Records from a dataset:
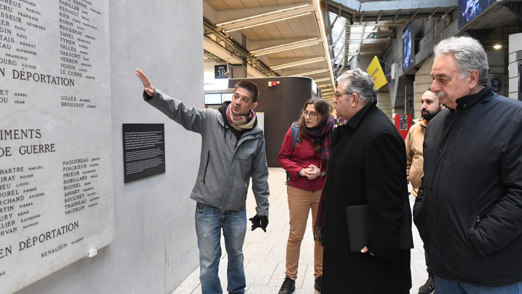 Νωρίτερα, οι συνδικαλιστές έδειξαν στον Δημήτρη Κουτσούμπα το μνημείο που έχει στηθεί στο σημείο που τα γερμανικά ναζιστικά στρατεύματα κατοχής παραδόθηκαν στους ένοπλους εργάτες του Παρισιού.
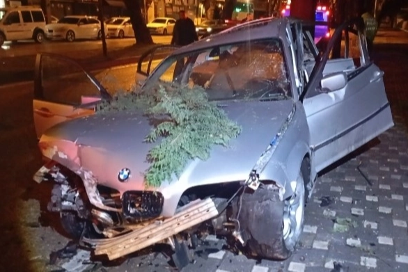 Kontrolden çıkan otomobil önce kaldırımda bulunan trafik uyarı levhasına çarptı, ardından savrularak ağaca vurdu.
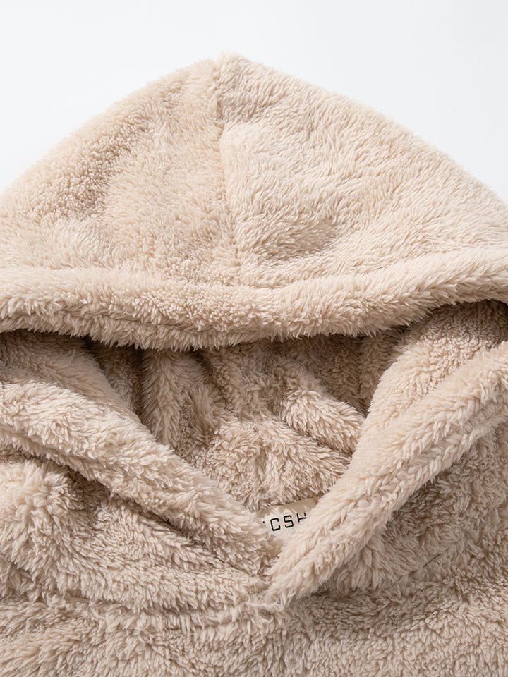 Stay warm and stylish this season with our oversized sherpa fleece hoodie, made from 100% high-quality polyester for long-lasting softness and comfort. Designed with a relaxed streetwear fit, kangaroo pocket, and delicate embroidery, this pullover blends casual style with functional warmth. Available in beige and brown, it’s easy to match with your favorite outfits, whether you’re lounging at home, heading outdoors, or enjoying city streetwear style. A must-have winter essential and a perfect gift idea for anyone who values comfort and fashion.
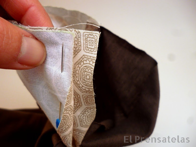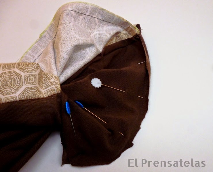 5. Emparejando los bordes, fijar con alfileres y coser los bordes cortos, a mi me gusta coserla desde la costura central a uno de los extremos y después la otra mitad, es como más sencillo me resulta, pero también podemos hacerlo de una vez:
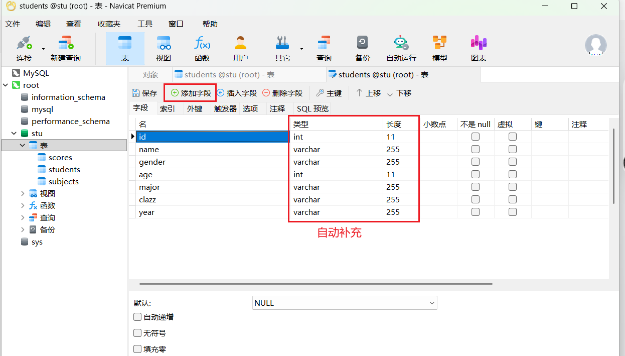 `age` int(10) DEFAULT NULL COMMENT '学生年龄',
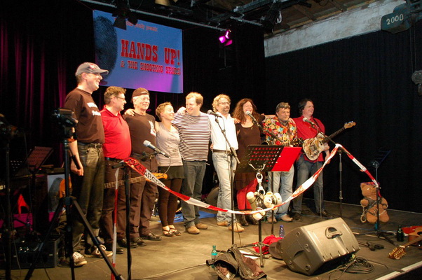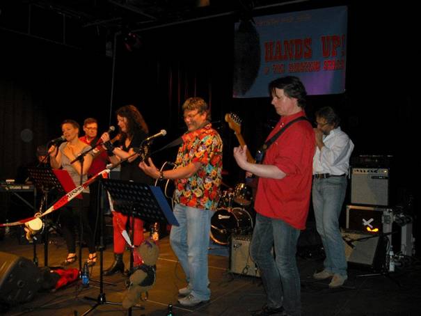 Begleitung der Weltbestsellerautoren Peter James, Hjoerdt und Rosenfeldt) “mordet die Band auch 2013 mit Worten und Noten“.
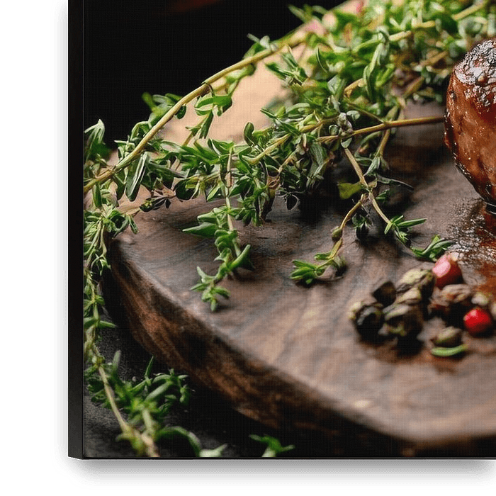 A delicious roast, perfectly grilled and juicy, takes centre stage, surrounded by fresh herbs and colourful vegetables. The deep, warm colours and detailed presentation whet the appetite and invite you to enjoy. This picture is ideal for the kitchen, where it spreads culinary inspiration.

§ Required work
Your job is to copy each entry exactly as written; the pictures do not go in.

§ Response for this exercise
 Νωρίτερα, οι συνδικαλιστές έδειξαν στον Δημήτρη Κουτσούμπα το μνημείο που έχει στηθεί στο σημείο που τα γερμανικά ναζιστικά στρατεύματα κατοχής παραδόθηκαν στους ένοπλους εργάτες του Παρισιού.
 Kontrolden çıkan otomobil önce kaldırımda bulunan trafik uyarı levhasına çarptı, ardından savrularak ağaca vurdu.
 Stay warm and stylish this season with our oversized sherpa fleece hoodie, made from 100% high-quality polyester for long-lasting softness and comfort. Designed with a relaxed streetwear fit, kangaroo pocket, and delicate embroidery, this pullover blends casual style with functional warmth. Available in beige and brown, it’s easy to match with your favorite outfits, whether you’re lounging at home, heading outdoors, or enjoying city streetwear style. A must-have winter essential and a perfect gift idea for anyone who values comfort and fashion.
 5. Emparejando los bordes, fijar con alfileres y coser los bordes cortos, a mi me gusta coserla desde la costura central a uno de los extremos y después la otra mitad, es como más sencillo me resulta, pero también podemos hacerlo de una vez:
 `age` int(10) DEFAULT NULL COMMENT '学生年龄',
 Begleitung der Weltbestsellerautoren Peter James, Hjoerdt und Rosenfeldt) “mordet die Band auch 2013 mit Worten und Noten“.
 A delicious roast, perfectly grilled and juicy, takes centre stage, surrounded by fresh herbs and colourful vegetables. The deep, warm colours and detailed presentation whet the appetite and invite you to enjoy. This picture is ideal for the kitchen, where it spreads culinary inspiration.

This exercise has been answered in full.